What follows is a set of records; repeat them exactly, without the pictures.

-- Opening Marker --

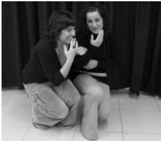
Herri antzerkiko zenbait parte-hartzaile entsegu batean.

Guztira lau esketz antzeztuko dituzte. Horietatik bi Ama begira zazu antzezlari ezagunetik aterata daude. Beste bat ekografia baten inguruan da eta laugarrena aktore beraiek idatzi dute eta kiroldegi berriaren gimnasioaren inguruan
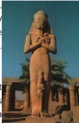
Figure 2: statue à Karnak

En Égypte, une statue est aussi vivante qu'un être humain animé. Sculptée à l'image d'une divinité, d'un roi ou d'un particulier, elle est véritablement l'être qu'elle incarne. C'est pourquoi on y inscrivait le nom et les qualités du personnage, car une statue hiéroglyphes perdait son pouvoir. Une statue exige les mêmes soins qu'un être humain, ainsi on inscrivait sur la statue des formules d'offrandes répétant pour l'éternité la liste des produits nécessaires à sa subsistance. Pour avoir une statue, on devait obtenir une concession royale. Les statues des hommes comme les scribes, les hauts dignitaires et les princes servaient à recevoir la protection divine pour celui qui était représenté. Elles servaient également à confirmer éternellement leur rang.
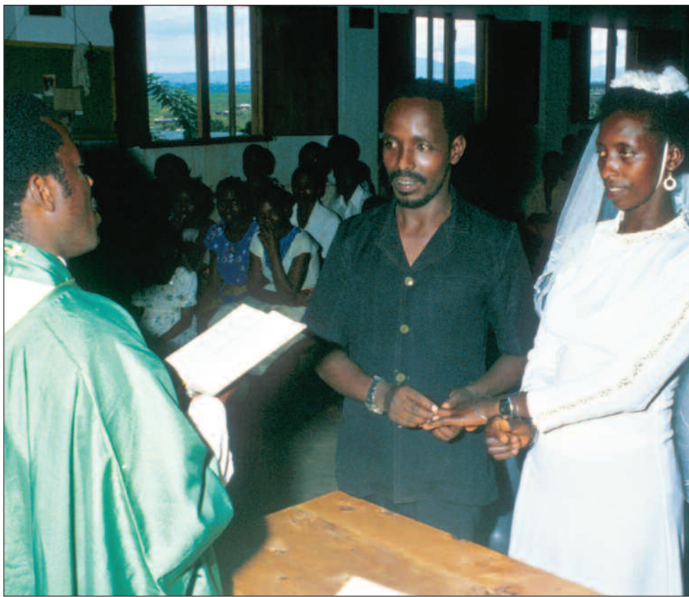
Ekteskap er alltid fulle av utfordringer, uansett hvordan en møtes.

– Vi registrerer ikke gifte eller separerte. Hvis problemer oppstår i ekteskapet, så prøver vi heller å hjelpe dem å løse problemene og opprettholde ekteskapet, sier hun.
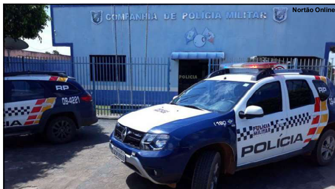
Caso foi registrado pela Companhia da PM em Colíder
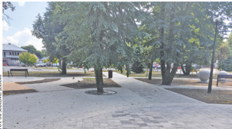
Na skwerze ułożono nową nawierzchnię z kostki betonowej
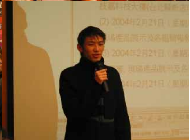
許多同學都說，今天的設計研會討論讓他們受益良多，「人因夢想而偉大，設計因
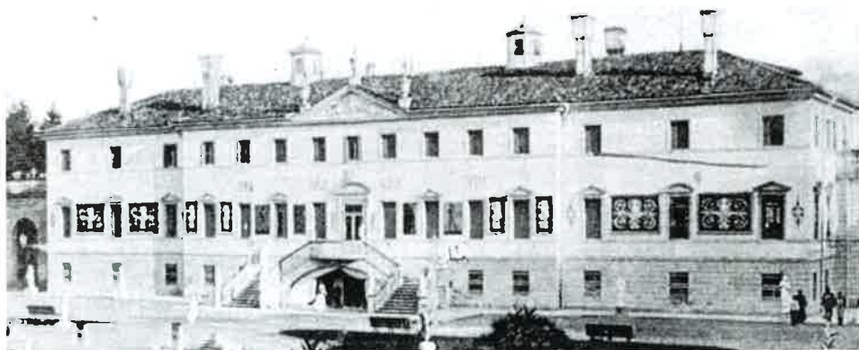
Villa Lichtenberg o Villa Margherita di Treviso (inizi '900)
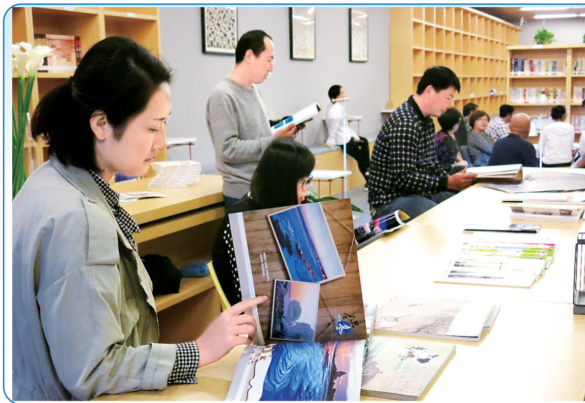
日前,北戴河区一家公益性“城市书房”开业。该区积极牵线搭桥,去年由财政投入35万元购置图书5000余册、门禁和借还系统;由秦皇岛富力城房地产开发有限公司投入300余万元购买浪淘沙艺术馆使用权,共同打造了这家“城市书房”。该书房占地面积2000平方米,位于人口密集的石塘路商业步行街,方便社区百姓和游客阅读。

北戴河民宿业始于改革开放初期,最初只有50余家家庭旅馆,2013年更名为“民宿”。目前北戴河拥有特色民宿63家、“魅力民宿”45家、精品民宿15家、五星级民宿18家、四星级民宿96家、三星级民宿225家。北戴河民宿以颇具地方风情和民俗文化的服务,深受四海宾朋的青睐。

-- Closing Marker --

## Reply
Herri antzerkiko zenbait parte-hartzaile entsegu batean.

Guztira lau esketz antzeztuko dituzte. Horietatik bi Ama begira zazu antzezlari ezagunetik aterata daude. Beste bat ekografia baten inguruan da eta laugarrena aktore beraiek idatzi dute eta kiroldegi berriaren gimnasioaren inguruan
Figure 2: statue à Karnak

En Égypte, une statue est aussi vivante qu'un être humain animé. Sculptée à l'image d'une divinité, d'un roi ou d'un particulier, elle est véritablement l'être qu'elle incarne. C'est pourquoi on y inscrivait le nom et les qualités du personnage, car une statue hiéroglyphes perdait son pouvoir. Une statue exige les mêmes soins qu'un être humain, ainsi on inscrivait sur la statue des formules d'offrandes répétant pour l'éternité la liste des produits nécessaires à sa subsistance. Pour avoir une statue, on devait obtenir une concession royale. Les statues des hommes comme les scribes, les hauts dignitaires et les princes servaient à recevoir la protection divine pour celui qui était représenté. Elles servaient également à confirmer éternellement leur rang.
Ekteskap er alltid fulle av utfordringer, uansett hvordan en møtes.

– Vi registrerer ikke gifte eller separerte. Hvis problemer oppstår i ekteskapet, så prøver vi heller å hjelpe dem å løse problemene og opprettholde ekteskapet, sier hun.
Caso foi registrado pela Companhia da PM em Colíder
Na skwerze ułożono nową nawierzchnię z kostki betonowej
許多同學都說，今天的設計研會討論讓他們受益良多，「人因夢想而偉大，設計因
Villa Lichtenberg o Villa Margherita di Treviso (inizi '900)
日前,北戴河区一家公益性“城市书房”开业。该区积极牵线搭桥,去年由财政投入35万元购置图书5000余册、门禁和借还系统;由秦皇岛富力城房地产开发有限公司投入300余万元购买浪淘沙艺术馆使用权,共同打造了这家“城市书房”。该书房占地面积2000平方米,位于人口密集的石塘路商业步行街,方便社区百姓和游客阅读。

北戴河民宿业始于改革开放初期,最初只有50余家家庭旅馆,2013年更名为“民宿”。目前北戴河拥有特色民宿63家、“魅力民宿”45家、精品民宿15家、五星级民宿18家、四星级民宿96家、三星级民宿225家。北戴河民宿以颇具地方风情和民俗文化的服务,深受四海宾朋的青睐。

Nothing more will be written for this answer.